■ **Problem to work on**:
All records that follow are to be output exactly.

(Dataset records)

========

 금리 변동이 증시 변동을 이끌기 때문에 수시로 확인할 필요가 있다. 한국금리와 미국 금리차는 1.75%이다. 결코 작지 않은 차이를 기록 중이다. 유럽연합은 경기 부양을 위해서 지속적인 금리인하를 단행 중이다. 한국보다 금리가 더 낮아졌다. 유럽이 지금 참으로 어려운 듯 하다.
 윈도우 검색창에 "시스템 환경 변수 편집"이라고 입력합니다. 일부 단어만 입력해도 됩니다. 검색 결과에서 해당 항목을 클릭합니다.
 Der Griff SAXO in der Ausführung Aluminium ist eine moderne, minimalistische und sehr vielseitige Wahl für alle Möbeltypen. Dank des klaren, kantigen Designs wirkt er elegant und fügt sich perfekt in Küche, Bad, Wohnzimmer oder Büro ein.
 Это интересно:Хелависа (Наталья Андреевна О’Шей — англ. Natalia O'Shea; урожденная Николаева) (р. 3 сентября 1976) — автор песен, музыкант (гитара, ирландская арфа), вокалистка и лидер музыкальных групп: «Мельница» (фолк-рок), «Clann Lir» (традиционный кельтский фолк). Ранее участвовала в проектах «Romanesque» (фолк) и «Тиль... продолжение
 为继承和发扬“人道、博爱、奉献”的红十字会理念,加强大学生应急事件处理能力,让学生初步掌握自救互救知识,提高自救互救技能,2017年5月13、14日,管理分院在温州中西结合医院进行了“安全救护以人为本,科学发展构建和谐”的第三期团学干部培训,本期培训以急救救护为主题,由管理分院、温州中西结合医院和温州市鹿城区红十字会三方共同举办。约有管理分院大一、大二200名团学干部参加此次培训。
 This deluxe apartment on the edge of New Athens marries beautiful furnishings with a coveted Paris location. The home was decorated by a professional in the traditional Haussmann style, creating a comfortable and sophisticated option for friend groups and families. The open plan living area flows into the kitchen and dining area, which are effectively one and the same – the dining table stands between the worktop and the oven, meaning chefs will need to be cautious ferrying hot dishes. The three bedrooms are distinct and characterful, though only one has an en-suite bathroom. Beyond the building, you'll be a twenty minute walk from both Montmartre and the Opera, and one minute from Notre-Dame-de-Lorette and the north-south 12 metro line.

========

■ **Solution for this problem**:
 금리 변동이 증시 변동을 이끌기 때문에 수시로 확인할 필요가 있다. 한국금리와 미국 금리차는 1.75%이다. 결코 작지 않은 차이를 기록 중이다. 유럽연합은 경기 부양을 위해서 지속적인 금리인하를 단행 중이다. 한국보다 금리가 더 낮아졌다. 유럽이 지금 참으로 어려운 듯 하다.
 윈도우 검색창에 "시스템 환경 변수 편집"이라고 입력합니다. 일부 단어만 입력해도 됩니다. 검색 결과에서 해당 항목을 클릭합니다.
 Der Griff SAXO in der Ausführung Aluminium ist eine moderne, minimalistische und sehr vielseitige Wahl für alle Möbeltypen. Dank des klaren, kantigen Designs wirkt er elegant und fügt sich perfekt in Küche, Bad, Wohnzimmer oder Büro ein.
 Это интересно:Хелависа (Наталья Андреевна О’Шей — англ. Natalia O'Shea; урожденная Николаева) (р. 3 сентября 1976) — автор песен, музыкант (гитара, ирландская арфа), вокалистка и лидер музыкальных групп: «Мельница» (фолк-рок), «Clann Lir» (традиционный кельтский фолк). Ранее участвовала в проектах «Romanesque» (фолк) и «Тиль... продолжение
 为继承和发扬“人道、博爱、奉献”的红十字会理念,加强大学生应急事件处理能力,让学生初步掌握自救互救知识,提高自救互救技能,2017年5月13、14日,管理分院在温州中西结合医院进行了“安全救护以人为本,科学发展构建和谐”的第三期团学干部培训,本期培训以急救救护为主题,由管理分院、温州中西结合医院和温州市鹿城区红十字会三方共同举办。约有管理分院大一、大二200名团学干部参加此次培训。
 This deluxe apartment on the edge of New Athens marries beautiful furnishings with a coveted Paris location. The home was decorated by a professional in the traditional Haussmann style, creating a comfortable and sophisticated option for friend groups and families. The open plan living area flows into the kitchen and dining area, which are effectively one and the same – the dining table stands between the worktop and the oven, meaning chefs will need to be cautious ferrying hot dishes. The three bedrooms are distinct and characterful, though only one has an en-suite bathroom. Beyond the building, you'll be a twenty minute walk from both Montmartre and the Opera, and one minute from Notre-Dame-de-Lorette and the north-south 12 metro line.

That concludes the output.